Member of the Revolutionary Command Council
- In office 4 September 1977 – 1 August 1979
- RCC Chairman: Ahmed Hassan al-Bakr Saddam Hussien

Member of the Regional Command of the Iraqi Regional Branch
- In office 2 January 1974 – 16 July 1979
- RC Secretary: Ahmed Hassan al-Bakr

Personal details
- Born: 1935 Baghdad, Kingdom of Iraq
- Died: 8 August 1979 (aged 44) Ba'athist Iraq
- Party: Iraqi Regional Branch of the Arab Socialist Ba'ath Party

= Muhyi Abdul-Hussein Mashhadi =

Iraqi politician (1935–1979)

Muhyiddin Abdul-Hussein Mashhadi (محيي الدين عبد الحسين مشهدي الشمري; 1935 – 8 August 1979) was an Iraqi Ba'athist politician and leading member of the Arab Socialist Ba'ath Party in Iraq. He was a member of the Regional Command and the Revolutionary Command Council and also was the secretary of President Ahmed Hassan al-Bakr.
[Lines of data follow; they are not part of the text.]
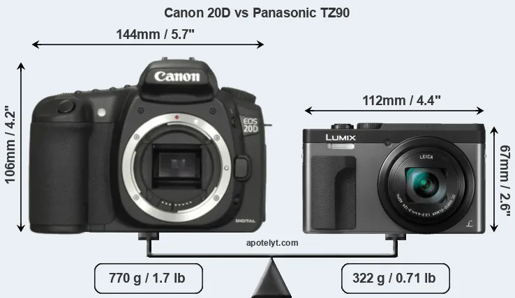 The physical size and weight of the Canon 20D and the Panasonic TZ90 are illustrated in the side-by-side display below. The two cameras are presented according to their relative size. Three consecutive perspectives from the front, the top, and the back are available. All width, height and depth measures are rounded to the nearest millimeter.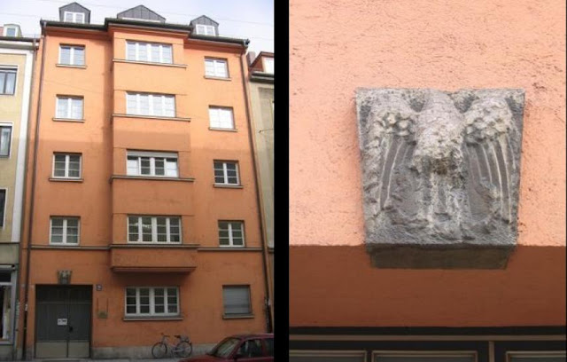 The eagles that are allowed to continue to adorn the building were designed by Munich artist Kurt Schmid Ehmen (1901-1968) who had specialised in reichsadlers and swastikas (such as those found at the "Ehrenmal" der Feldherrnhalle and Nazi party rally grounds in Nuremberg and the Reich Chancellery in Berlin).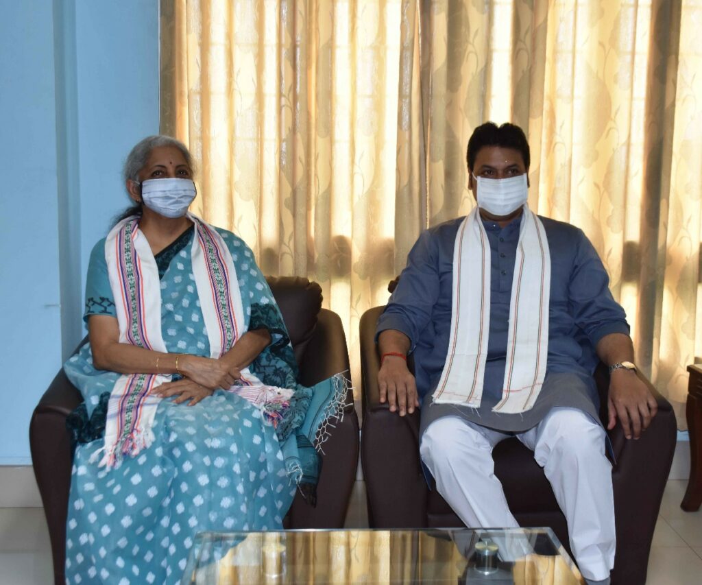 Hon’ble Chief Minister Biplab Kumar Deb welcomes Hon’ble Finance and Corporate Affairs Minister of India Nirmala Sitharaman at State Guest House, Agartala on Today (27th August, 2021).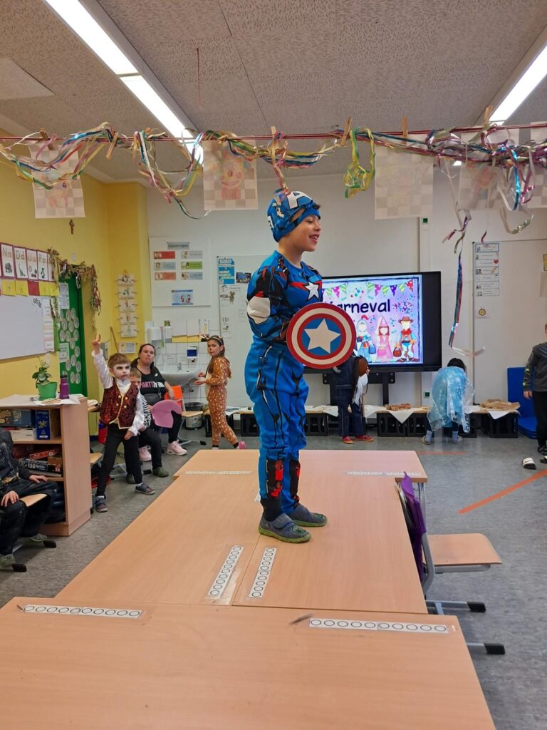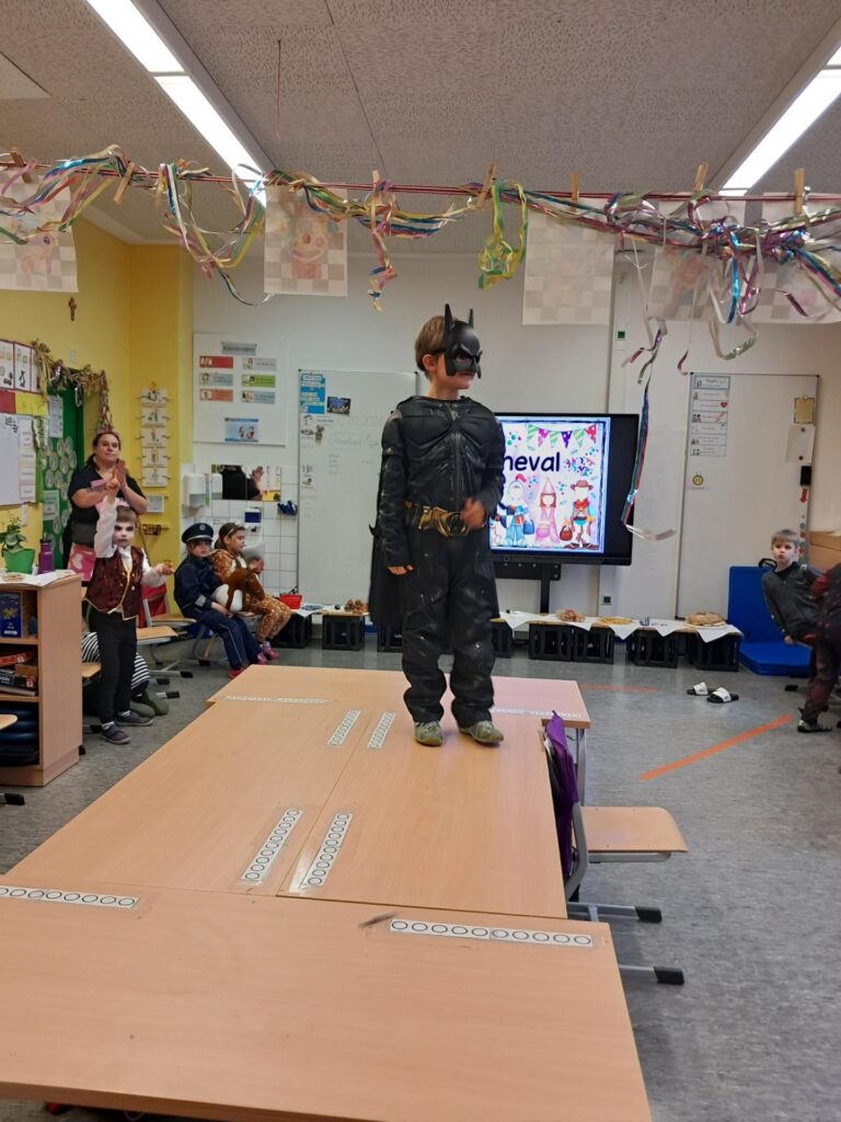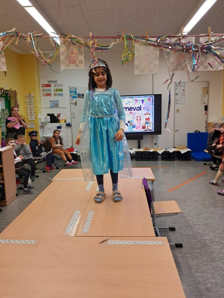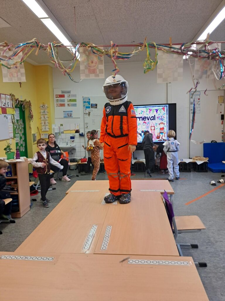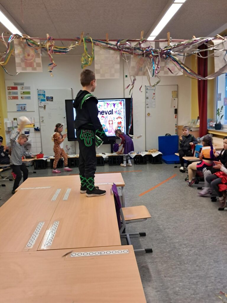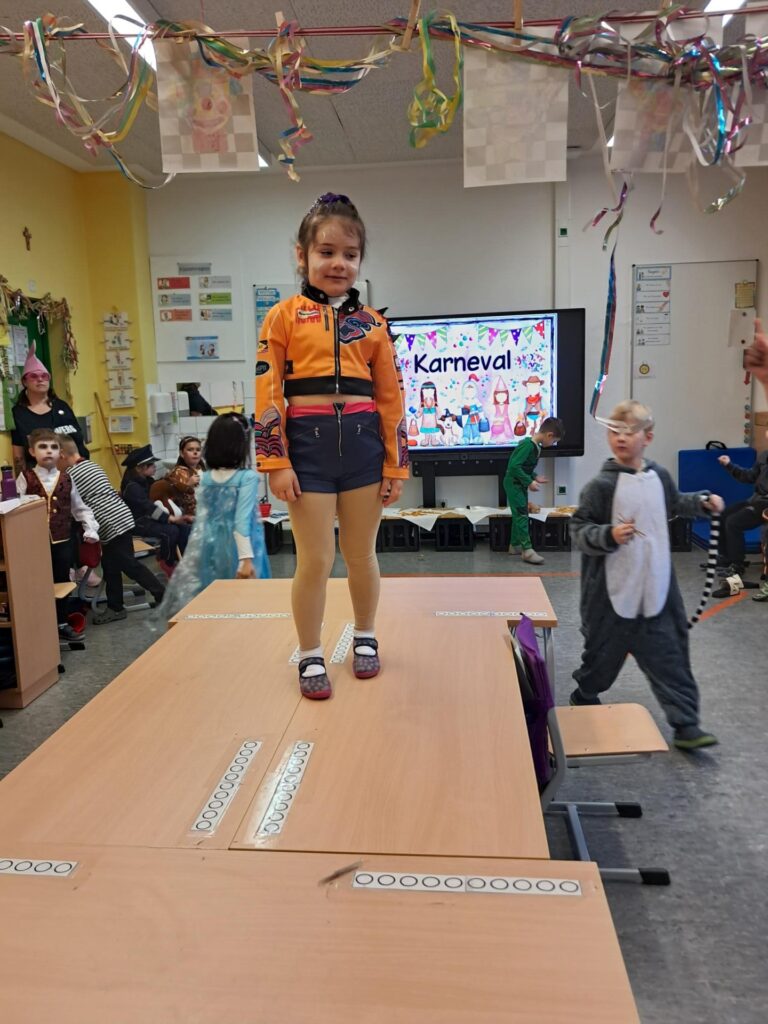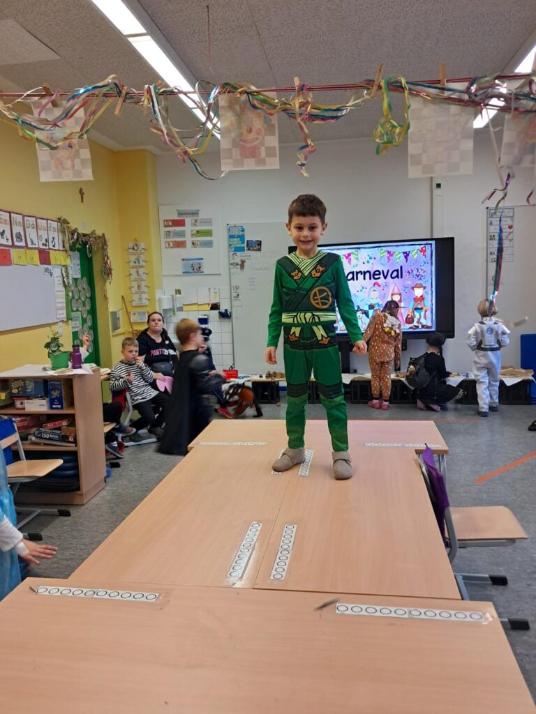 Gemeinsam mit der ganzen Schule feierten wir in der großen Sporthalle unseren ersten Schulkarneval. Anschließend feierten wir gemeinsam mit allen Mäusen im Klassenraum. Wer wollte, durfte sein Kostüm präsentieren. Wir spielten viele Spiele, tanzten und genossen unser kleines Buffet. Mäuseklasse: Helau!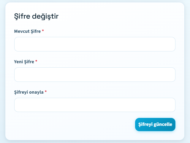 - Profil sayfanızdaki "Şifre Değiştir" bölümüne gidin

He was executed as part of the 1979 Ba'ath Party Purge.

==Ba'ath Party Purge==

Mashhadi was the secretary of President Ahmed Hassan al-Bakr. Then-vice president Saddam Hussein had been monitoring him since the early months of his work as a secretary to the President. On 18 July 1979, President Saddam Hussein announced that his government had foiled a conspiracy between members of the Iraqi Ba'ath party and the Syrian Ba'athist government against the Iraqi Ba'athist government. Four days later, an emergency meeting at al-Khild Hall in Baghdad was set in motion by president Saddam and he ordered the event be recorded to set fear in the hearts of all members of the party and set an example out of Mashhadi for future members who will think about betraying Saddam or his ruling party. Mashhadi was ordered by Saddam to confess in front of all senior members that he had conspired against the Iraqi government and name some of his accomplices. Mashhadi, after having spent nearly two years as a member of the Revolutionary Command Council, was identified and tried as one of the 68 conspirators, who were all led out of the hall and 21 of whom were executed on 8 August 1979.

A special court was formed to try the 68 defendants, and Mashhadi's name was announced among the executed on 8 August 1979.